The India-focused group, which is controlled by UK-based billionaire Anil Agarwal, will form Sesa Sterlite through an all-share merger of iron ore miner Sesa Goa and Sterlite Industries, a predominantly zinc, silver and copper producer.
The new company will also include Vedanta’s holding in its oil arm Cairn India, bought last year for $9.6bn following a prolonged ownership battle, creating a business with an implied market capitalisation of about $20bn.
Vedanta says the new operating company, which also incorporates both Vedanta Aluminium and the Madras Aluminium Company, will deliver cost savings of about $200m per year, while reducing debt and improving access to capital.
Mr Agarwal said: “Sesa Sterlite will be one of the largest global diversified natural resources majors, supporting India’s industrial growth. This transaction is a natural evolution, leading to simplification of the group’s structure.”
The move to simplify followed extensive criticism by investors and analysts over Vedanta’s opaque and complex ownership set-up.
The new arrangement will see the group’s convoluted stakes in some half a dozen subsidiaries slimmed down to just two: a 58 per cent stake in Sesa Sterlite and a 79 per cent holding in Konkola Copper Mines, a Zambian copper business.
Mr Agarwal, a one-time scrap metal trader, is among the most colourful of India’s newest generation of business tycoons. He is estimated to be worth $3.5bn, and was ranked number 16 in Forbes magazine’s 2011 list of wealthiest Indians.
Analysts point in particular to his reputation for exuberant dealmaking, earned during a spate of acquisitions over the past five years in areas ranging from iron ore to zinc, in addition to the protracted, high-profile Cairn deal.
Arvind Mahajan, head of natural resources and infrastructure at KPMG India, said: “Overall it seems sensible to create a structure which is relatively simple, and which may enable some cost to be taken out of the business.”
“But Mr Agarwal is known for being acquisitive in his areas of focus, so the interesting question is whether the deal’s benefits will be used to expand into new business areas, especially coal mining but also infrastructure, power or elsewhere in the oil and gas value chain.”
Any future expansion will also be boosted by the resulting reduction in Vedanta’s previously elevated debt levels, which have also been criticised by analysts, in part by the transfer of Cairn India’s $5.9bn net debt into the new company.
Sesa Sterlite will carry a net debt of $7.5bn, while Vedanta’s post-deal debt service liability will be reduced to $3.8bn, down from $9.5bn at the end of last year. Before the deal Deutsche Bank had calculated Vedanta’s debt would reach $11.7bn by the end of 2012.

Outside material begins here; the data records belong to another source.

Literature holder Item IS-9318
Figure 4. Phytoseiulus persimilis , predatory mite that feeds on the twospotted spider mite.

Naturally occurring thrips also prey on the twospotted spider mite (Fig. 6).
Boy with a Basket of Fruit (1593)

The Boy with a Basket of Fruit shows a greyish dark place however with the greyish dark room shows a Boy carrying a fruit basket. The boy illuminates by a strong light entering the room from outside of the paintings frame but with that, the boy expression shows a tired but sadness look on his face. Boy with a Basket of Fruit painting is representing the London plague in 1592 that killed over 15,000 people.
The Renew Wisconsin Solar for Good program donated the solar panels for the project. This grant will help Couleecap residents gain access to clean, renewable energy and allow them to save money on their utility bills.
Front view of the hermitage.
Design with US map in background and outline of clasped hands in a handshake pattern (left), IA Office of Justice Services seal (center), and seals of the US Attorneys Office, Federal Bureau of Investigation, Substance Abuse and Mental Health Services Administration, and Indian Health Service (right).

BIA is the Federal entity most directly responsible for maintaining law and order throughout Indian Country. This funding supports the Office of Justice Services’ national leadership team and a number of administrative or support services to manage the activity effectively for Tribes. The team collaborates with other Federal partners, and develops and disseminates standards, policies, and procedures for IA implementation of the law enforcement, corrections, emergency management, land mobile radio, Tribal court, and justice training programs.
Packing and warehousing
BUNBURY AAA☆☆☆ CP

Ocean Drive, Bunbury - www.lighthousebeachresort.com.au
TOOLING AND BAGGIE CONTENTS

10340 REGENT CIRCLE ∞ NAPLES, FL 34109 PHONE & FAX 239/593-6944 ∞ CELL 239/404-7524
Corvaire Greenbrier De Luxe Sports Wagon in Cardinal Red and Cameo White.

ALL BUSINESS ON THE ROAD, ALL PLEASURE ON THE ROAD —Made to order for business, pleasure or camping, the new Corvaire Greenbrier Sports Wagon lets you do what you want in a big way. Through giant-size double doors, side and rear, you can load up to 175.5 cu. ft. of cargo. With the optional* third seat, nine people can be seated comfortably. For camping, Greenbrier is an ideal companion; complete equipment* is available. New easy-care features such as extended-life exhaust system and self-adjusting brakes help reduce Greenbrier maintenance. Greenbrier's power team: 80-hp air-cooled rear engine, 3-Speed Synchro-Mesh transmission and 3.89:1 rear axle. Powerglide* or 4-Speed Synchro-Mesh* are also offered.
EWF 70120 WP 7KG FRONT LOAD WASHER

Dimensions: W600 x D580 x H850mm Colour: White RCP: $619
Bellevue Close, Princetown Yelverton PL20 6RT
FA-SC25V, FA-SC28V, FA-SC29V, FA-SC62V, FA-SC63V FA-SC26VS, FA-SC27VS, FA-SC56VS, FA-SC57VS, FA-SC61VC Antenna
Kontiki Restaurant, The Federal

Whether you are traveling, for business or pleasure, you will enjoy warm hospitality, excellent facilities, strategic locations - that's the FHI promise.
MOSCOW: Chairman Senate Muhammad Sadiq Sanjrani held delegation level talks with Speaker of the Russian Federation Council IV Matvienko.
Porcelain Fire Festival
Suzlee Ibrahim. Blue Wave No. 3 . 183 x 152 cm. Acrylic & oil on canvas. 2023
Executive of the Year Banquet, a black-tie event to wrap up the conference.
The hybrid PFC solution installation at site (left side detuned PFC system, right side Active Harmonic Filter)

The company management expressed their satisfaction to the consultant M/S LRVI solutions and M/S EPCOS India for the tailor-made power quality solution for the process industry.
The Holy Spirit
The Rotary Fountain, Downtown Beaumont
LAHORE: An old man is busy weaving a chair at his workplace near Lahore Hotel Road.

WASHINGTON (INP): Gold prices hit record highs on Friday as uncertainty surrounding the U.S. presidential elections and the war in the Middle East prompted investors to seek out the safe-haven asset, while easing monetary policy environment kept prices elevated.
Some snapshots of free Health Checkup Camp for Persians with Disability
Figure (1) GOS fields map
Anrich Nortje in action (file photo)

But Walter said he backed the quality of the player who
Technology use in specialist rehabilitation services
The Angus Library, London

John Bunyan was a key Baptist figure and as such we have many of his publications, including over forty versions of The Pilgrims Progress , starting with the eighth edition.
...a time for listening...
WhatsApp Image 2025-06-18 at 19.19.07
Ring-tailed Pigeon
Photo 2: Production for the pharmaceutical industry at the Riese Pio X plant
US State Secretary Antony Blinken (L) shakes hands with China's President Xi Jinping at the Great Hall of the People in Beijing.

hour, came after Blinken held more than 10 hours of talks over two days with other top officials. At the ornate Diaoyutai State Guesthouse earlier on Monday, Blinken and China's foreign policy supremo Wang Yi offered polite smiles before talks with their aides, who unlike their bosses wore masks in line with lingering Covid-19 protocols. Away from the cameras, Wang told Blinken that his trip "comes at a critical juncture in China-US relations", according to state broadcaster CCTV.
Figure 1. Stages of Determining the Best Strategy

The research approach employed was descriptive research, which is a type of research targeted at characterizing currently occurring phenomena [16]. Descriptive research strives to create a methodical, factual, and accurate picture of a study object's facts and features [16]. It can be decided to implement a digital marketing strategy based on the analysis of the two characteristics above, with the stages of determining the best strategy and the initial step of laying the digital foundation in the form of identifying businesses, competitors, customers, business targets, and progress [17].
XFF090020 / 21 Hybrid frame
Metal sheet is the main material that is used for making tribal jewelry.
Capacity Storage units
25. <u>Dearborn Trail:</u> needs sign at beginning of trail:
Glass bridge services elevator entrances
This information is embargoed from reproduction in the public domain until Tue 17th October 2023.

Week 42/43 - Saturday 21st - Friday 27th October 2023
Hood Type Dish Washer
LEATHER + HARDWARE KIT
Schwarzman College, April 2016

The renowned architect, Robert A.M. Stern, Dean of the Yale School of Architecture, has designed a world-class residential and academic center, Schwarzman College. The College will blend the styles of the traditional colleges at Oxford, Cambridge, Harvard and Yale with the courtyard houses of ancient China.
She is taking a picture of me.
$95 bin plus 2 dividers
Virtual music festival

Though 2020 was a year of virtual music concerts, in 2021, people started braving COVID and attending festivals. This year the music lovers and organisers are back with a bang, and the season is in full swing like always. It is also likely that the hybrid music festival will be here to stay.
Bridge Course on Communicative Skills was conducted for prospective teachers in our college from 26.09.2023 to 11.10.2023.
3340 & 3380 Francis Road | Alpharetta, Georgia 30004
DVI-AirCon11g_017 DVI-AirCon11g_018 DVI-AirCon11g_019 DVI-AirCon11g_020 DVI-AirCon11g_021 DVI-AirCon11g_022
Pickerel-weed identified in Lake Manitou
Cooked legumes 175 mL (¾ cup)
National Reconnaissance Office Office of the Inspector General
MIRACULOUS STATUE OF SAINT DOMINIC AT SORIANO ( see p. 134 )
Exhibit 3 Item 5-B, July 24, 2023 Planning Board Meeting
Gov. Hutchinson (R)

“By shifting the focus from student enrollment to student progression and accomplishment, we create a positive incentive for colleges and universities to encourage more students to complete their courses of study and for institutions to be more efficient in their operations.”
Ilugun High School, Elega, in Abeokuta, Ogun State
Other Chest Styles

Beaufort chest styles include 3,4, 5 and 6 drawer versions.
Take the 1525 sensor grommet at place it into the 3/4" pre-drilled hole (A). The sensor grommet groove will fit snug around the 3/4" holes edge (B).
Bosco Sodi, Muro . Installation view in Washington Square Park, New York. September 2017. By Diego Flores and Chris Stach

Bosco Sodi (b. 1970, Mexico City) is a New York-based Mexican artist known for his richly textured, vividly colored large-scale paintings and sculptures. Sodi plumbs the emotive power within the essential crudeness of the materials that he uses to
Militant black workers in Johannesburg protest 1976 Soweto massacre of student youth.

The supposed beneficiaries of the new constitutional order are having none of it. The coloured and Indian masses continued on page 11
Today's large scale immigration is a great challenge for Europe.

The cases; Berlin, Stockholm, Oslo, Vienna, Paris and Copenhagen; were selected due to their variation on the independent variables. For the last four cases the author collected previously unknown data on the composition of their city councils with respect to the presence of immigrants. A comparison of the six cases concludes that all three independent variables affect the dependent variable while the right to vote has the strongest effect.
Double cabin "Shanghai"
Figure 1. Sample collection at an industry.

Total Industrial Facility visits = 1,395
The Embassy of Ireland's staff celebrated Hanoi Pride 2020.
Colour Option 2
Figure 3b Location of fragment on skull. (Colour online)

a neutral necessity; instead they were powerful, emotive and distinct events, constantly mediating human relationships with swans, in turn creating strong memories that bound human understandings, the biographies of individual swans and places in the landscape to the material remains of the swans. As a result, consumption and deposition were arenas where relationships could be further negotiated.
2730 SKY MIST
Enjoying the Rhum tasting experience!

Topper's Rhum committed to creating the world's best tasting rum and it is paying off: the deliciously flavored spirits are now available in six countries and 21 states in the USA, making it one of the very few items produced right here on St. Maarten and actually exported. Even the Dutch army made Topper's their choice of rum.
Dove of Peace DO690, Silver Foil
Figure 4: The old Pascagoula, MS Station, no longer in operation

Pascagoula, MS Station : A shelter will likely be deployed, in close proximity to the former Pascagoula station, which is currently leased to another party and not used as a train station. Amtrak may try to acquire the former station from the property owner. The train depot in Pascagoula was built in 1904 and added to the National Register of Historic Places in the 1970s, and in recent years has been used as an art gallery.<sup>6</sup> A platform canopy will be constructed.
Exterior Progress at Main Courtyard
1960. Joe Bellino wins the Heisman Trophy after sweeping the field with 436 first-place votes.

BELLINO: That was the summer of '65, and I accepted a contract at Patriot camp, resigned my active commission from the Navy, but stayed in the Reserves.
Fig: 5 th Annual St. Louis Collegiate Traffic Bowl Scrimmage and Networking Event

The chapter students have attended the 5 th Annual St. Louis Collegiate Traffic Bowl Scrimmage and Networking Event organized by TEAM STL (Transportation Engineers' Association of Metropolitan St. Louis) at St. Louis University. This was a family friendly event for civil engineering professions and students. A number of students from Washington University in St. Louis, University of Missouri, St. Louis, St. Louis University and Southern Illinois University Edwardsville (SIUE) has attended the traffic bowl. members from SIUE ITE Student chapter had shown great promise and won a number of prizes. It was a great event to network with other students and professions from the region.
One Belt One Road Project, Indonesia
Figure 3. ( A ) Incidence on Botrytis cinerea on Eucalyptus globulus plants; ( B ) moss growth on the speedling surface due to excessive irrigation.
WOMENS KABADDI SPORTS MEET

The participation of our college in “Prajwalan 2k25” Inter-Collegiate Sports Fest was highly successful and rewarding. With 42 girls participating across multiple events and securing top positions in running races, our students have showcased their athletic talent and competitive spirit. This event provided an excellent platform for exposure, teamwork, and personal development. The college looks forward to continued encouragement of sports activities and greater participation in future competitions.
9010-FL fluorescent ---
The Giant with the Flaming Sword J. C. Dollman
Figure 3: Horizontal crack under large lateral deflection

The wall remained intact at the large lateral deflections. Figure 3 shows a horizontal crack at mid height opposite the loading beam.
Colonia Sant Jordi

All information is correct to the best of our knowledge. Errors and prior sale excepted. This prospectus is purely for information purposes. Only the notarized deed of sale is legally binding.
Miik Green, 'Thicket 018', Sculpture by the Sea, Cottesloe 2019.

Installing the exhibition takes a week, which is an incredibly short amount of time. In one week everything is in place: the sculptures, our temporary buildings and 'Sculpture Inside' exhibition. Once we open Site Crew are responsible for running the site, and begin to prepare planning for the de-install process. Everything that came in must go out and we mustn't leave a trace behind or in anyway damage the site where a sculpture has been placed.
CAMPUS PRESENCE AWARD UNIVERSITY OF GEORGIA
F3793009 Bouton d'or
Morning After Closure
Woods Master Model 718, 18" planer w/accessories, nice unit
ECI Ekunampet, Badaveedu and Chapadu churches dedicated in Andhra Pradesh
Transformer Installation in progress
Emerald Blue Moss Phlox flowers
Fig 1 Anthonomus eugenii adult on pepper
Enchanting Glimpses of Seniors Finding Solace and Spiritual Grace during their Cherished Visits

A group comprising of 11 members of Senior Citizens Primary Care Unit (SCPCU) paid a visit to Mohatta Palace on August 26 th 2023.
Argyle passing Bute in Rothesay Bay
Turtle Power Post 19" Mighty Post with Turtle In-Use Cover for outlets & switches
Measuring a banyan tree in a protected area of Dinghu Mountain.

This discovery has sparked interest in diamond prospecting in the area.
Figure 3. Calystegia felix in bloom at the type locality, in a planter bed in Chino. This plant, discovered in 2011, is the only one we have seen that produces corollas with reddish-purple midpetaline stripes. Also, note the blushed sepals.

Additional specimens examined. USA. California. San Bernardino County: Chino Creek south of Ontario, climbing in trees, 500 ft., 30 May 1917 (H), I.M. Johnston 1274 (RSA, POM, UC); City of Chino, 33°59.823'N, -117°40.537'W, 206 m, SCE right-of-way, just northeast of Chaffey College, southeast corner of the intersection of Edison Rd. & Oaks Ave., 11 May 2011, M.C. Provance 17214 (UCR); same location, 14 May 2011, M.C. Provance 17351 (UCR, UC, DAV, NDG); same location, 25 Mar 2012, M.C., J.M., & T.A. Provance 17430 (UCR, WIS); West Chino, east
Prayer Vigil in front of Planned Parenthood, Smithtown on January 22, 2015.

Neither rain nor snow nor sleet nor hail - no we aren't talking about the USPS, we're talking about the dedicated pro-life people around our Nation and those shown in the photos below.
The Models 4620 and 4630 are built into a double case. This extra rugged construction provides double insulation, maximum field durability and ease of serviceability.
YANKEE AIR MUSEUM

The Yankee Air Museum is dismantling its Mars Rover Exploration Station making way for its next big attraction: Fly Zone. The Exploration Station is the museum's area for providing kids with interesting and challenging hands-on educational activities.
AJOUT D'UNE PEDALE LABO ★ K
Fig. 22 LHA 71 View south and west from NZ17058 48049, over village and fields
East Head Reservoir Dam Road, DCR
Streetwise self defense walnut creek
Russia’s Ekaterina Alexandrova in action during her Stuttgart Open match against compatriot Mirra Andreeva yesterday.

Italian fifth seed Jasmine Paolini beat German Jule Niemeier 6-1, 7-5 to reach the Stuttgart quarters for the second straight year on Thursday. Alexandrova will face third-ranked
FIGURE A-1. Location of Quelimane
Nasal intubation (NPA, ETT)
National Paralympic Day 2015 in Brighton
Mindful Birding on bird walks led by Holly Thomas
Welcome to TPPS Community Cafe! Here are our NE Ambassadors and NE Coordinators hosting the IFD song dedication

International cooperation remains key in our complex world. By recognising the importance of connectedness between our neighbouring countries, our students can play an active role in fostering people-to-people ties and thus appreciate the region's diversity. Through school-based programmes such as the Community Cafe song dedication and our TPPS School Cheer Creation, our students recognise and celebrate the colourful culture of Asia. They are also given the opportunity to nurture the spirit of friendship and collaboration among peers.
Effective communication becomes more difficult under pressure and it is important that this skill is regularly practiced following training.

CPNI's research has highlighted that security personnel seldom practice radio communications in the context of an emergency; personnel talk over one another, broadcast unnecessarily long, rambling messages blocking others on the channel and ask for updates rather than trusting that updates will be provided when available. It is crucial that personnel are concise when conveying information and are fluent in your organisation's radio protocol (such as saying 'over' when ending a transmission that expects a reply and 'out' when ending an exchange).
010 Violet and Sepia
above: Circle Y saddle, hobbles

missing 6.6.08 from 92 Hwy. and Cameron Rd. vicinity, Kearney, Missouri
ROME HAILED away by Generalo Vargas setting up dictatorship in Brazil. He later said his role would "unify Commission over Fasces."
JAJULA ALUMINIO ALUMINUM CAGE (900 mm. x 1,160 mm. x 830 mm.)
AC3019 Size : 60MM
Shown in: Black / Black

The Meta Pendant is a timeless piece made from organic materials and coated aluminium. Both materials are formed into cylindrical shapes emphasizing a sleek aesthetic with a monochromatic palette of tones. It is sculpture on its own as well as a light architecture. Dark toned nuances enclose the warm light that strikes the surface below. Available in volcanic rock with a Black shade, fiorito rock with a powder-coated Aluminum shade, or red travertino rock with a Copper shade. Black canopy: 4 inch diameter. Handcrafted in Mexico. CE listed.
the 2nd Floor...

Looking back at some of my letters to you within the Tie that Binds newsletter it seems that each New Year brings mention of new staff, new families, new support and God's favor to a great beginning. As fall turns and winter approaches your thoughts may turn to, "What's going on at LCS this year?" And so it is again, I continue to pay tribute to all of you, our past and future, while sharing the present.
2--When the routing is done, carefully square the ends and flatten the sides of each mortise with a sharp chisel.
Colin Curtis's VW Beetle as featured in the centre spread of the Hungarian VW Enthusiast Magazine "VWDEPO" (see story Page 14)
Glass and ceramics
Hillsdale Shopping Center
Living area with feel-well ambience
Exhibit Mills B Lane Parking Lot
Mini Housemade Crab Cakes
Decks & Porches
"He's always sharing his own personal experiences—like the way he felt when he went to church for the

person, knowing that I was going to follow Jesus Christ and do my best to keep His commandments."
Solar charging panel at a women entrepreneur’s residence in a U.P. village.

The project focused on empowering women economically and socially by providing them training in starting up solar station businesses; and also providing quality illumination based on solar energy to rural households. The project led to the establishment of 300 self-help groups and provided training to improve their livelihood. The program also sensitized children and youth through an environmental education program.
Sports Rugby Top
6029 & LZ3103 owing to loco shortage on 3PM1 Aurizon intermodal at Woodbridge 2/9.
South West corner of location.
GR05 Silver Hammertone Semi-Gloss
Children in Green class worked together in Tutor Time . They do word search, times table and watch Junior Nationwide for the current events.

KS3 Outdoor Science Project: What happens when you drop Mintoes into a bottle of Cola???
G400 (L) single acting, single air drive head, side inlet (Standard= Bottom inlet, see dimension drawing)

Sesa Sterlite plans to list in India, where its implied revenues of $14.2bn in 2011 would make it among the country’s largest companies. The group said it would also become the world’s seventh-largest diversified natural resources company, as measured by earnings before interest, taxes, depreciation and amortisation.
The merger is expected to be completed by the end of 2012. It must approved by shareholders and various government bodies, including India’s competition commission, although analysts say it is not expected to face regulatory approval difficulties.